Während in Südkorea die Börsen Rekorde feiern und Chipkonzerne Milliarden verdienen, stehen in Indien Menschen Schlange für Gasflaschen. Der Iran-Krieg hat in Asien zwei völlig unterschiedliche wirtschaftliche Realitäten geschaffen – und die Folgen könnten weit über den Kontinent hinausreichen.
Ökonomen sprechen inzwischen von einer „K-förmigen Wirtschaft“: Während ein Teil der Gesellschaft steil nach oben wächst, rutscht der andere immer weiter ab.
Die Gewinner: KI, Chips und Milliardenprofite
Der globale KI-Boom treibt Asiens Tech-Giganten auf immer neue Höhen.
Taiwan erlebt dank des Chipriesen TSMC ein historisches Wirtschaftswachstum. Südkoreas Samsung und SK Hynix melden Rekordgewinne. Anleger überschütten alles mit Geld, was auch nur entfernt mit künstlicher Intelligenz zu tun hat.
An den Börsen scheint die Zukunft bereits entschieden: KI ist das neue Öl.
Die Nachfrage nach Halbleitern explodiert, weil Rechenzentren und KI-Anwendungen enorme Mengen an Chips benötigen. Analysten sprechen inzwischen von Wachstumsraten, bei denen Investoren selbst 20 Prozent Plus kaum noch beeindrucken.
Die Verlierer: Hohe Energiepreise und drohende Armut
Parallel dazu geraten Millionen Menschen in Asien unter massiven wirtschaftlichen Druck.
Die Sperrung der Straße von Hormus hat Öl und Gas drastisch verteuert. Besonders betroffen sind Länder wie Indien, Thailand oder die Philippinen, die stark von Energieimporten aus dem Nahen Osten abhängig sind.
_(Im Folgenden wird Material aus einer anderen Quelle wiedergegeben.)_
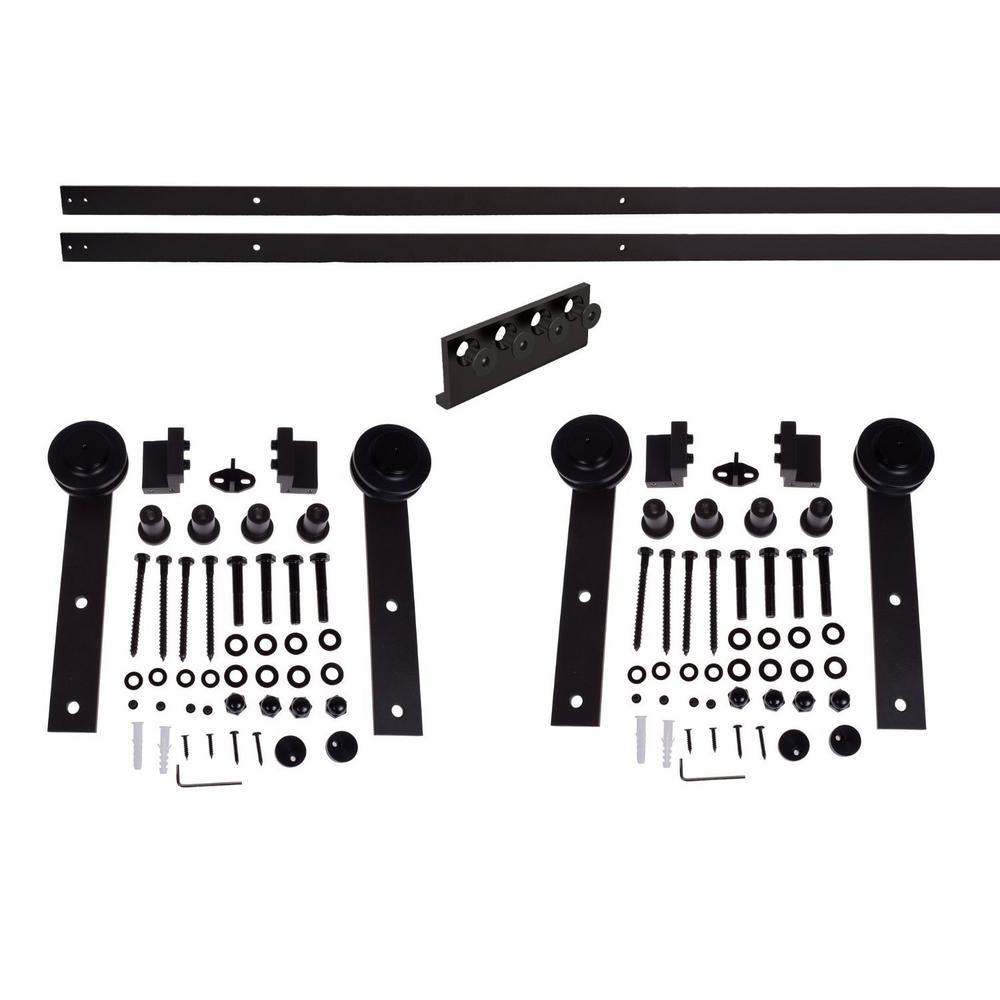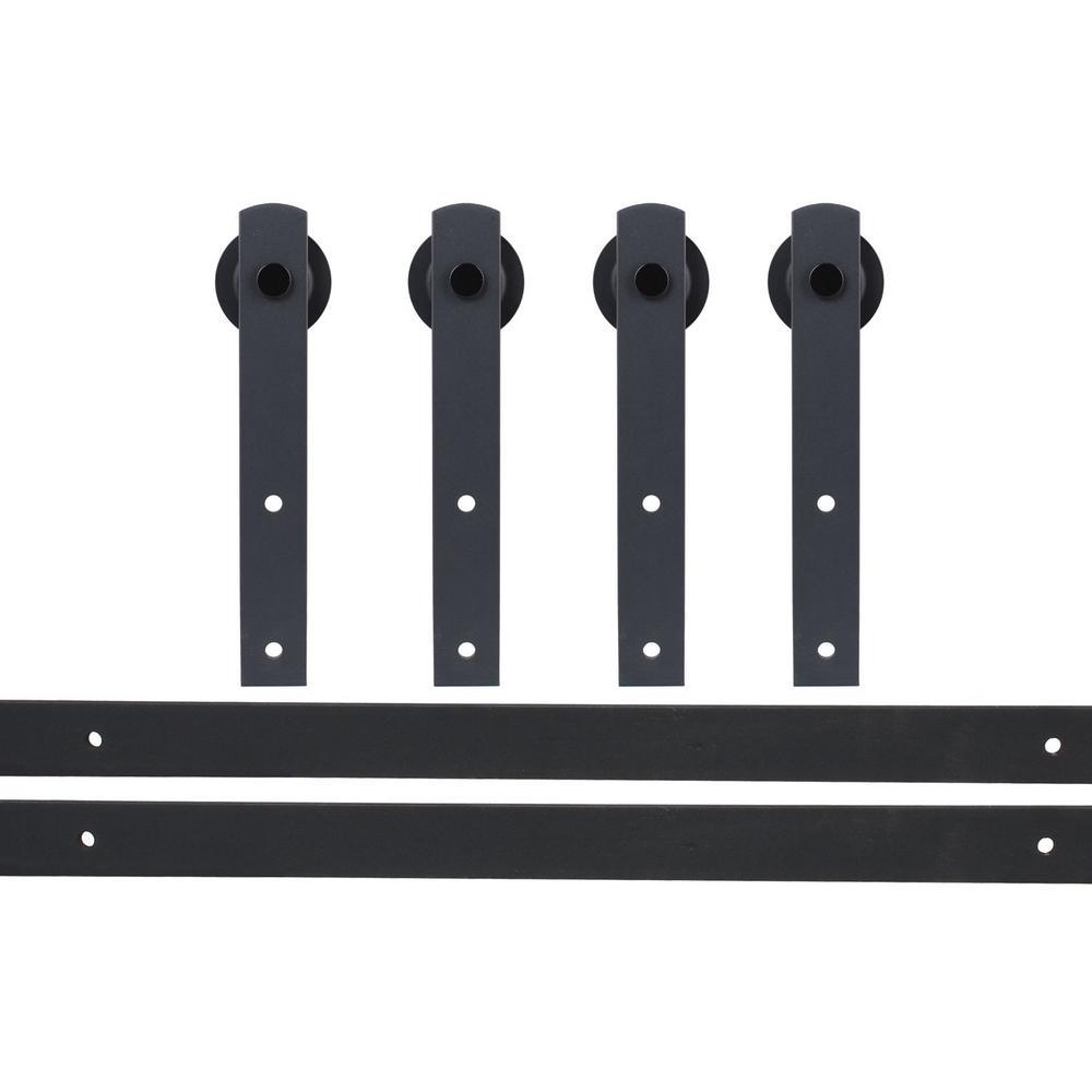 144 in. Matte Black Classic Straight Strap Sliding Barn Door Hardware (2-Set)
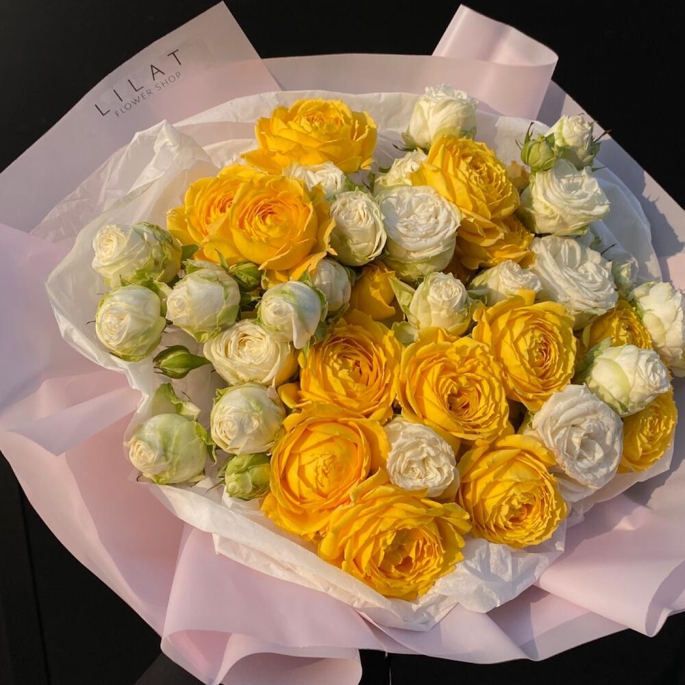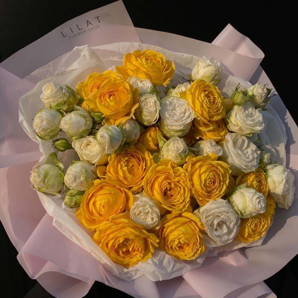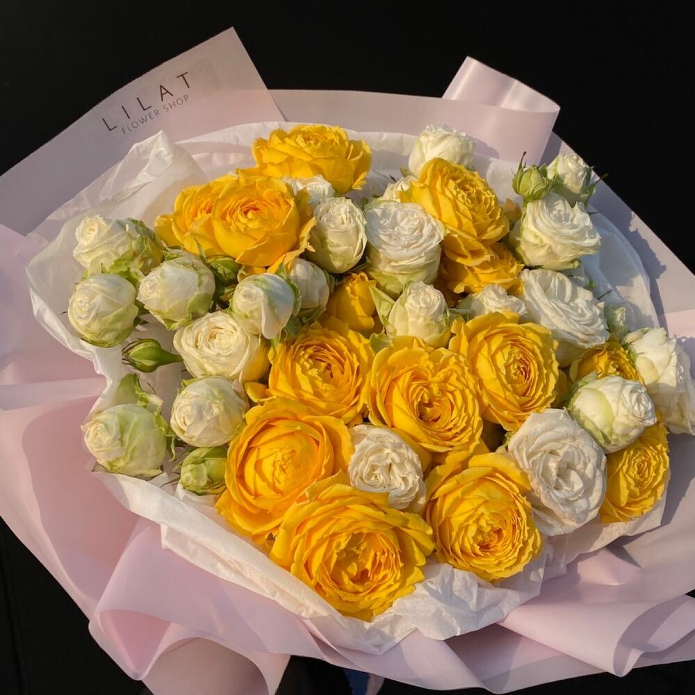 Кустовые розы, Лизиантусы, Пионы, Розы, Хризантемы

In vielen Regionen steigen Transport-, Lebensmittel- und Heizkosten gleichzeitig. Laut UN könnten dadurch fast neun Millionen Menschen zusätzlich in Armut geraten.
Während Tech-Aktien also steigen, kämpfen viele Haushalte schlicht mit dem Alltag.
Die neue „K-Wirtschaft“
Der Begriff „K-shaped economy“ beschreibt die wachsende Spaltung treffend: Die obere Linie des „K“ steht für Branchen und Vermögende, die profitieren. Die untere Linie für jene, die zurückfallen.
Genau dieses Muster zeigte sich bereits nach der Corona-Pandemie – der Iran-Krieg verschärft es nun erneut.
Selbst in Gewinnerstaaten wie Südkorea oder Taiwan profitieren nur relativ wenige direkt vom KI-Boom. In Taiwan arbeitet nur ein kleiner Teil der Bevölkerung in der Halbleiterindustrie, verdient dort aber teils ein Vielfaches des Durchschnittslohns.
Gefahr für soziale Stabilität
Ökonomen warnen inzwischen offen vor politischen und gesellschaftlichen Folgen.
Denn wenn Wohlstand immer stärker auf einzelne Hightech-Sektoren konzentriert wird, verlieren breite Bevölkerungsschichten Kaufkraft. Genau das könnte langfristig Wachstum und Stabilität gefährden.
Hinzu kommt ein weiteres Problem: KI-Rechenzentren verschlingen enorme Mengen Energie. Der Boom könnte also ausgerechnet in einer globalen Energiekrise zusätzlichen Druck erzeugen.
Ein Vorgeschmack auf den Westen
Die Entwicklung betrifft längst nicht nur Asien.
Auch in den USA zeigt sich bereits dieselbe Spaltung: KI-Investitionen treiben Börsen und Konzerne an, während hohe Benzinpreise und Inflation viele Verbraucher belasten.
Asien könnte damit gerade zeigen, wie die Wirtschaft der Zukunft aussieht: technologisch hochentwickelt, extrem profitabel – und gleichzeitig sozial immer stärker auseinanderdriftend.